The solution, inevitably, is to pour more effort into smart contract based rules to design them in just the right way that loopholes become hard or impossible to exploit.
Every design decision becomes a question of which extrinsic motivation — the carrot or the stick — to apply in which situation.
That’s a top-down, cathedral style decision making process if I’ve ever seen one.
There is a trust building exercise where you let yourself fall backwards, and assume someone else — your partner, or whoever you’re trying to build trust with — is standing there to catch you.
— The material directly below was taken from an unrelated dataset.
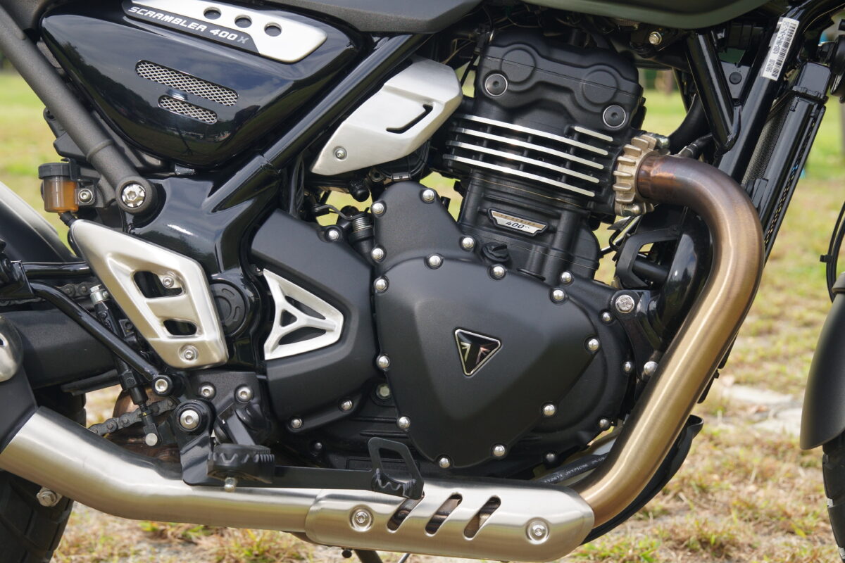 スクランブラー400Xはオンロードとオフロードの両方を視野に入れたスポーティな設計で、ややアップライトなポジションが採用されている。オフロードの荒れた路面でタイヤが取られたとしてもバランスを取りやすいようハンドル幅は広く設定されている。小柄なライダーやオンロードモデルにしか乗ったことがないようなライダーにはネイキッドモデルのようなバーハンドルながら、よりワイドなポジションのため多少の慣れが必要かもしれない。オフロードバイクのシッティングポジションのように、シートの前方に座るよう意識すると腕も伸びきらずライディングしやすい。

You can’t look backwards, there are no mirrors, making this a literal example of blind trust.
My sensei once asked me to do this, and as expected caught me. Affirming my trust in this way, he asked me to do it again, but then stepped away — leaving me to discover in a flash that what he really wanted was to see how well I can fall backwards under unexpected conditions. No developers were hurt in the making of this exercise.
The point is, not only did I have an incomplete view of the overall system (I could not see backwards), I also had a false view of the system. My previous experience led me to believe I would be caught again. What allowed me to recover from this mistake was not trust in a consensus state, but trust in only the parameters I could immediately control: my skills in catching my fall effectively.
Or, if you’d like to put it differently, I recovered by focusing on my intrinsic motivation, not getting hurt, as opposed to the extrinsic motivation of trying to do what my sensei asked of me. That the end result satisfied both was not visible to me at the time.
There is a rough equivalence at play here:
Intrinsic motivation is effectively local decision making, while extrinsic motivation depends on the consensus system state.
This raises the question whether blockchain’s reliance on extrinsic motivations for machines is having the same downside as cathedral style application of extrinsic motivations for people. Should machines instead not be left to decide individually in what way they want to participate on a network?
When I was contributing to a peer-to-peer video streaming stack, we made the decision not to rely overly on consensus state. Instead, we always asked ourselves what the optimal local decision was in any given locally detected situation. Despite having flaws, the result was exceptional.
That is not to say that system state played no role whatsoever. It’s just that we never relied on having a complete or accurate picture of it. When a remote node did not reply to a query within a given timeout, it did not matter whether the node became unreachable due to network routing issues, the round trip delay was too high, the node was shut down, or it was malicious. The right response was to internally score it as unreliable.
Nodes did share some information on their view of the reliability of other nodes. But this information was considered supplemental. If our own estimation of a node was not available or outdated, supplemental information provided the best guess. There was no global node reliability ranking, however.
If Raymond extracted many rules by comparing cathedral style and bazaar style project management, and Agile reduced this to twelve principles, there really is only one rule of thumb that I’d like to convince people of:
If nodes in your system can make workable local decisions, however imperfect, then make local decisions. Rely on global consensus state only sparingly if at all.
This is not a rejection of smart contracts or blockchain technologies. They have their place, especially where local decision making is impractical. I could not, for example, imagine a workable system in which all nodes individually verify the identity of persons, if such identity verification is required.
But “put it on the chain” is far from a panacea. The parallels drawn in this article would suggest it may do more harm than good. At the end of the day, it is an attempt at making the chaotic world predictable, and that is rarely a winning strategy.